>>>

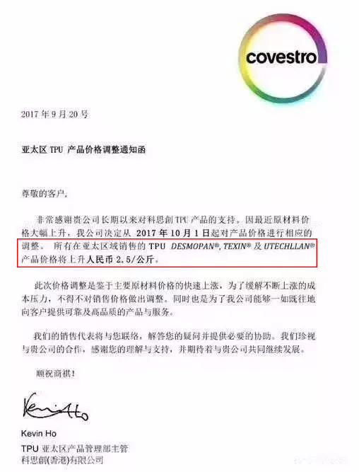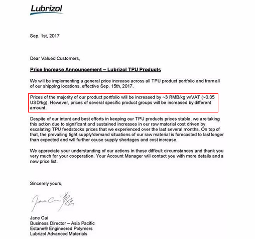 亞太區(qū)TPU產(chǎn)品上漲2500元/噸,2017年10月1日起實(shí)施。
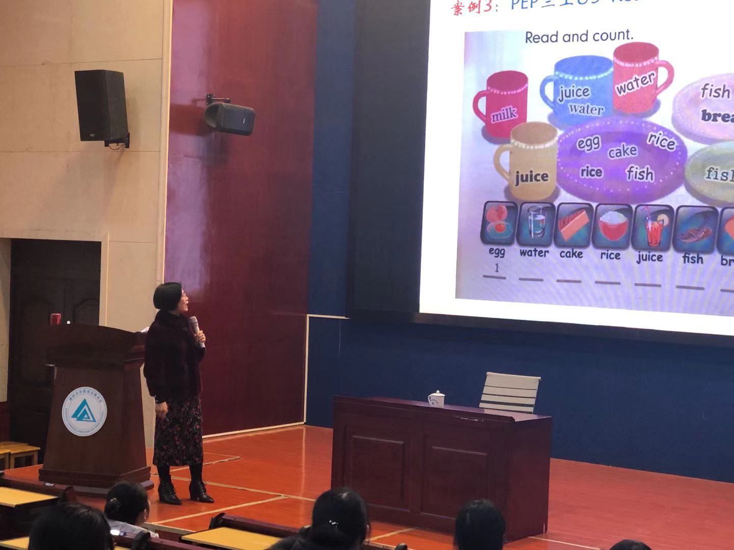 孙老师讲座从“一线教师之问”入手,即:为什么我从教材中挖掘不出新东西或真东西?怎样解读教材文本才能最大限度捕捉到真东西?怎样处理教材中那些看上去“食之无味,弃之可惜”的活动?怎样创设情境,有效开展教学活动?接着,孙老师以英语学科核心素养理念为指导,针对小学英语课堂中存在的具有普遍性和代表性的问题,结合典型案例,直观、生动、形象地阐述了如何解读小学英语教材中的“话”与“画”,以挖掘教材中的“真东西”和“新东西”。随后,再通过视频案例,具象化呈现了如何创设情境,进行有效教学的方法。所选择案例针对性强,一线教师听得懂、有启发、做得来。最后,孙老师分享了自己曾与一线教师合作进行绘本阅读教学实证研究的成果,向现场老师们真实再现了如何通过把主教材与英语绘本融合落实核心素养的实施方法、过程与实验效果。
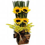 Traga um toque de sol para o seu espaço com este adorável arranjo de girassóis. Composto por 4 hastes de girassóis, vibrantes e cheias de vida, outros elementos de folhagem e complementos que adicionam um charme extra. Tudo organizado de maneira magistral em um vaso decorativo de alta qualidade que contribui para a apresentação estética geral. Este arranjo floral fará um belo ponto focal em qualquer sala, trazendo um elemento da natureza para o seu interior.
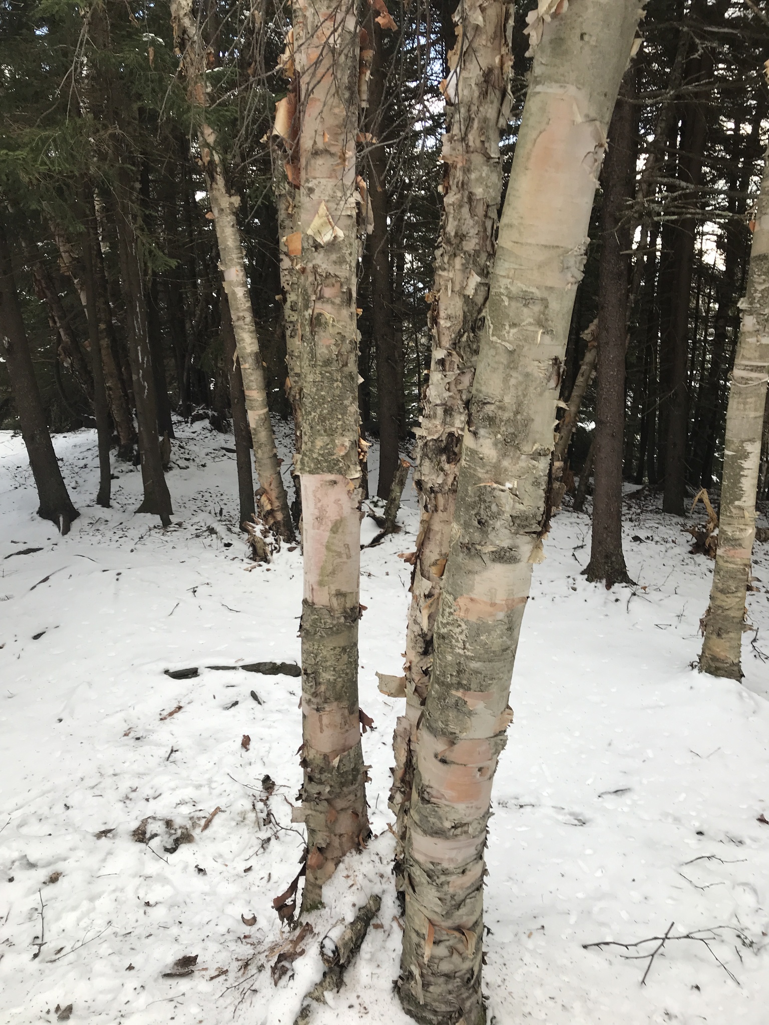 Paper birches are beautiful in winter, but many people don’t realize that two species of paper birch trees grow in northeastern North America – Paper or White Birch (Betula papyrifera) and Heart-leaved Paper Birch (B. cordifolia), once considered a variety of White Birch. As its name suggests, the latter species has distinctive heart-shaped, many-veined leaves, and it is restricted to mid- to high-elevation Appalachian and northern forests.
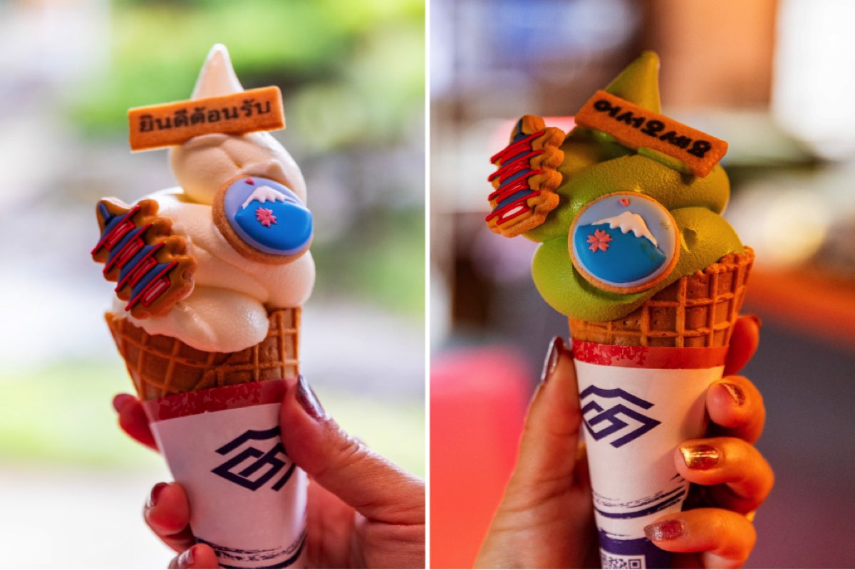 富士山や忠霊塔のアイシングクッキーに加え、タイ語や韓国語などの好きな言語のプレートクッキーを添えて。
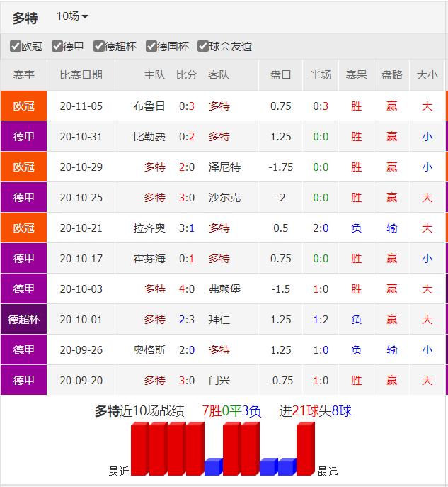 德甲豪门多特蒙德上赛季排名第2位。新赛季6轮战罢拿到15分暂列第2,与拜仁同分但净胜球少4球。首席射手哈兰德上赛季中途加盟后15场德甲13球3助。新赛季各项赛事10战10球3助攻,效率惊人。新赛季主场打进10球丢0球,而客场打进3球丢2球。上赛季多特蒙德主场比客场多进8球,少丢7球。主场攻守表现一直好于客场。周中欧冠客场3比0击败布鲁日,最近各项赛事砍下4连胜的优异战绩。最近6场比赛只有1场能在上半时进球,而拜仁慕尼黑新赛季12场比赛均能在上半场进球。
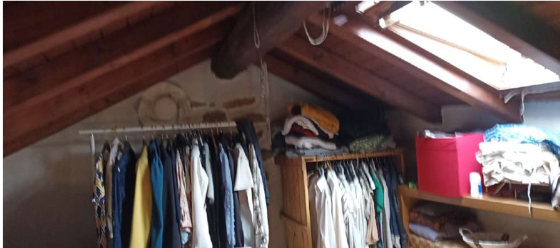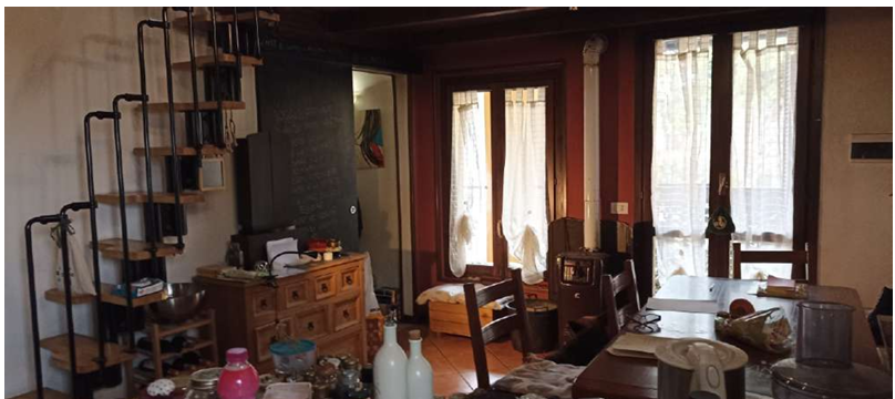 appartamento di mq. 65,82, ingresso al piano terra, scala interna di accesso al primo piano ove è ubicato il soggiorno con accesso al balcone e con angolo cottura, il servizio igienico e la camera da letto. Quota di 2/10 di piena proprietà di sottotetto non abitabile di mq. 310.

<<<

> _PROBLEM TO WORK ON_:
The answer must be an exact copy of the lines from the start of the records above through the line containing "德甲豪门多特蒙德上赛季排名第", with no pictures in it.

> _FINAL ANSWER_:
 亞太區(qū)TPU產(chǎn)品上漲2500元/噸,2017年10月1日起實(shí)施。
 孙老师讲座从“一线教师之问”入手,即:为什么我从教材中挖掘不出新东西或真东西?怎样解读教材文本才能最大限度捕捉到真东西?怎样处理教材中那些看上去“食之无味,弃之可惜”的活动?怎样创设情境,有效开展教学活动?接着,孙老师以英语学科核心素养理念为指导,针对小学英语课堂中存在的具有普遍性和代表性的问题,结合典型案例,直观、生动、形象地阐述了如何解读小学英语教材中的“话”与“画”,以挖掘教材中的“真东西”和“新东西”。随后,再通过视频案例,具象化呈现了如何创设情境,进行有效教学的方法。所选择案例针对性强,一线教师听得懂、有启发、做得来。最后,孙老师分享了自己曾与一线教师合作进行绘本阅读教学实证研究的成果,向现场老师们真实再现了如何通过把主教材与英语绘本融合落实核心素养的实施方法、过程与实验效果。
 Traga um toque de sol para o seu espaço com este adorável arranjo de girassóis. Composto por 4 hastes de girassóis, vibrantes e cheias de vida, outros elementos de folhagem e complementos que adicionam um charme extra. Tudo organizado de maneira magistral em um vaso decorativo de alta qualidade que contribui para a apresentação estética geral. Este arranjo floral fará um belo ponto focal em qualquer sala, trazendo um elemento da natureza para o seu interior.
 Paper birches are beautiful in winter, but many people don’t realize that two species of paper birch trees grow in northeastern North America – Paper or White Birch (Betula papyrifera) and Heart-leaved Paper Birch (B. cordifolia), once considered a variety of White Birch. As its name suggests, the latter species has distinctive heart-shaped, many-veined leaves, and it is restricted to mid- to high-elevation Appalachian and northern forests.
 富士山や忠霊塔のアイシングクッキーに加え、タイ語や韓国語などの好きな言語のプレートクッキーを添えて。
 德甲豪门多特蒙德上赛季排名第2位。新赛季6轮战罢拿到15分暂列第2,与拜仁同分但净胜球少4球。首席射手哈兰德上赛季中途加盟后15场德甲13球3助。新赛季各项赛事10战10球3助攻,效率惊人。新赛季主场打进10球丢0球,而客场打进3球丢2球。上赛季多特蒙德主场比客场多进8球,少丢7球。主场攻守表现一直好于客场。周中欧冠客场3比0击败布鲁日,最近各项赛事砍下4连胜的优异战绩。最近6场比赛只有1场能在上半时进球,而拜仁慕尼黑新赛季12场比赛均能在上半场进球。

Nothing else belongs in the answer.